When Will People Know of the Plan?
Gov. Pritzker said people will not need to wait until May 30 to know what the plan is to loosen up more restrictions of the Stay-at-Home order. While saying he will be guided by the data and metrics, he said he would be giving people a view into how the phases might work, and how many phases there would be, and would happen in each phase. He did not say when he would provide this information.
*Ashish Jha, MD, MPH, the Faculty Director of the Harvard Global Health Institute, and two colleagues conclude in an April 18 article “Why we need at least 500,000 tests per day to open the economy – and stay open,” that on a nationwide basis at least 500,000 tests a day are needed to succeed with the opening of the economy and to stay open. They add that number “is probably too low” and “we likely need many more.” Link: https://globalepidemics.org/2020/04/18/why-we-need-500000-tests-per-day-to-open-the-economy-and-stay-open/?referringSource=articleShare
That is about triple the number being administered now, and it would require about 150 tests per day per 100,000 people.

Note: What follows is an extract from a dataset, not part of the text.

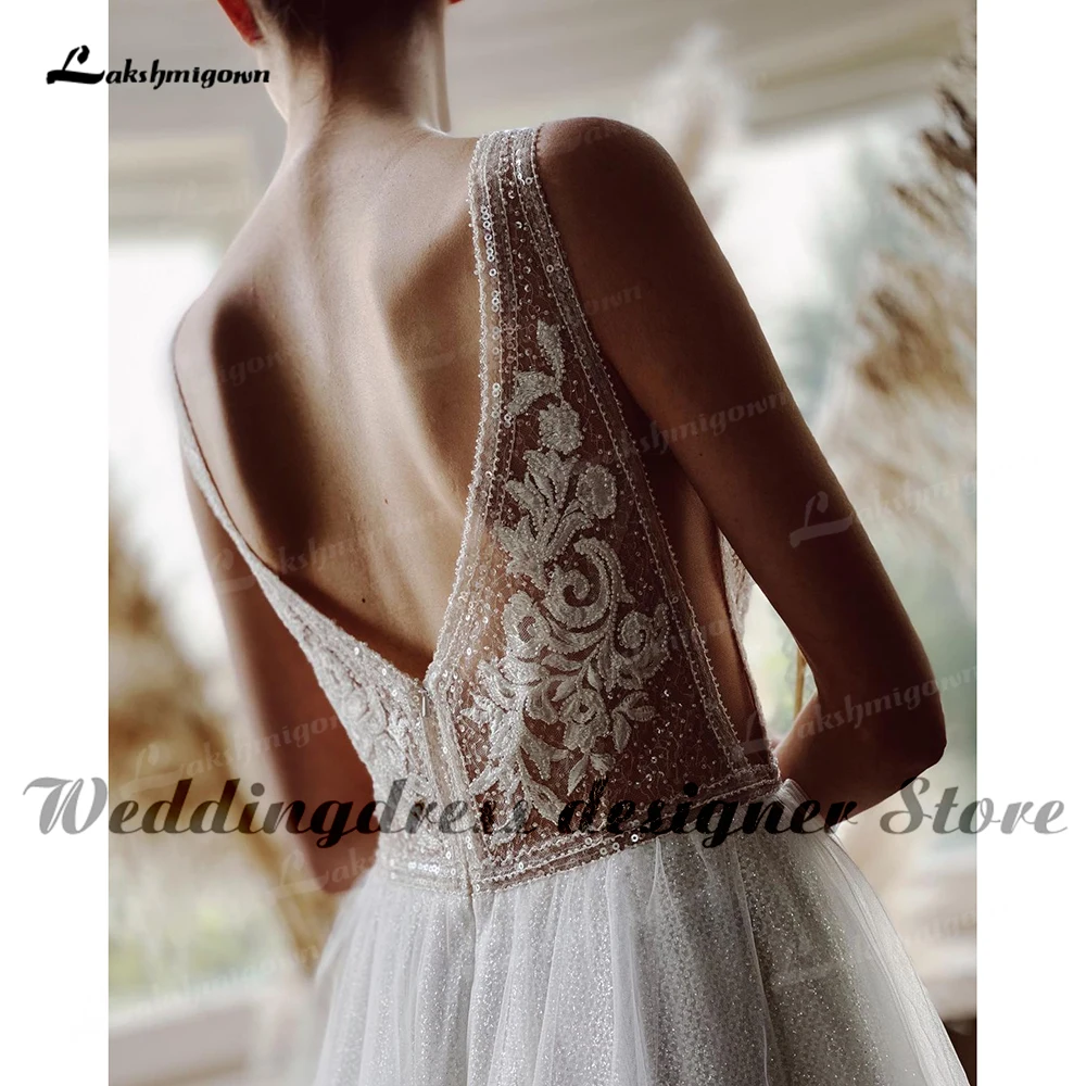 Роскошное пляжное свадебное платье А-силуэта 2022, V-образный вырез, бисерное кружево, блестящее Тюлевое платье для женщин 2022, винтажное платье для невесты

** Other researchers put the number much higher. A report, “Roadmap to Pandemic Resilience,” published by the Edmond J. Safra Center for Ethics at Harvard University, recommends massive scale testing for COVID-19, together with supported isolation as the path to open up the nation’s economy. The report, updated on April 20, has 23 authors, with expertise in many different disciplines.

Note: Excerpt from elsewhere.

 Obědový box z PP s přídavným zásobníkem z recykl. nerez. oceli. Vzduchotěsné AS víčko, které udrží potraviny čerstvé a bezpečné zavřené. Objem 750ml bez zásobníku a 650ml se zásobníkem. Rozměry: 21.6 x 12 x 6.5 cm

The Safra Center report says, “We need to deliver 5 million tests per day by early June to deliver a safe social reopening. This number will need to increase over time (ideally by late July) to 20 million a day to fully remobilize the economy.” Link: https://ethics.harvard.edu/files/center-for-ethics/files/roadmaptopandemicresilience_updated_4.20.20_0.pdf
*** See article by Ashish Jha cited above.